SVG: Salary increase agreed to with unions is fiscally sustainable

"by" Ernesto Cooke
Published : Post Last Updated :

The government of St. Vincent and the Grenadines and the Labour Movement have agreed to an increase in salaries for central government employees for the years 2023, 2024 and 2025.

The salary increases agreed upon will also be applicable to non-established wage earners and pensioners. Additionally, the government committed to implementing, in the 2023 fiscal year, personal income tax relief measures in keeping with the longstanding stated policy to reduce taxes paid by workers.

The salary enhancements agreed with the Unions are fiscally sustainable, in that it permits the government to satisfy the wage rule under our Fiscal Responsibility Framework.
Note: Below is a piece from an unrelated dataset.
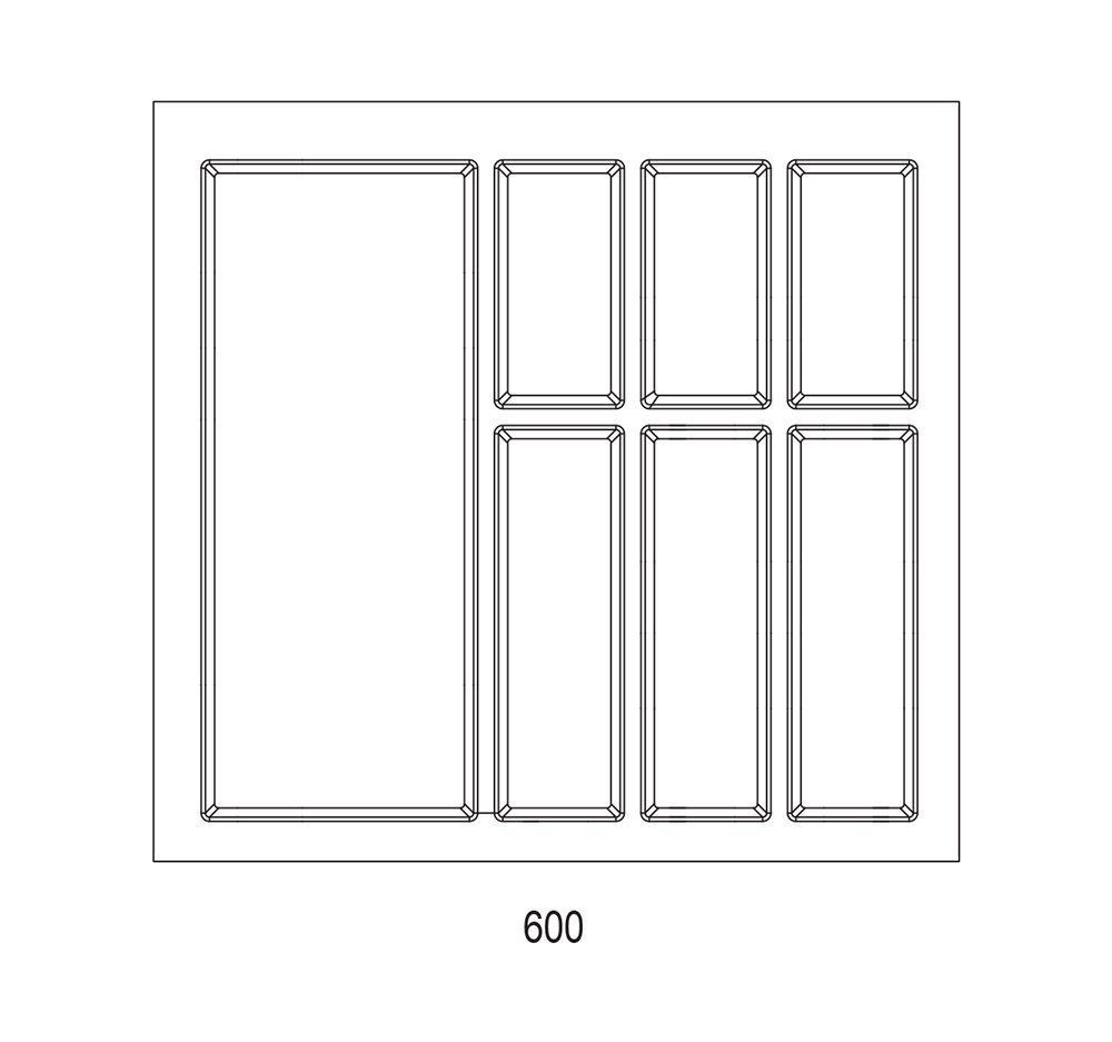 - příborník je určený pro hloubku 500 mm, pro šířku korpusu 600 mm

At that same time as it provides a reasonable increase in disposable income of the public servant which the economic circumstances permit.

The entire salary enhancement package comprises the following:

  1. A seven (7) percent increase in salaries, wages and pensions over the three-year period is as follows:
    1. 2023 FY 2.5%;
    2. 2024 FY 2.0%.
    3. 2025 FY 2.5%
  2. An increase in the standard deduction for Personal Income Tax from $20,000 to $22,000; and
  3. A reduction of the top marginal rate for Personal Income Tax from 30% to 28%.

The increase in Salaries, Wages and Pensions package is estimated to cost the government $25.89 million over the three-year period. The tax relief measures are estimated to cost $23.89 million. In total, the salary enhancement package is estimated to cost $51.79 million over the period 2023 to 2025.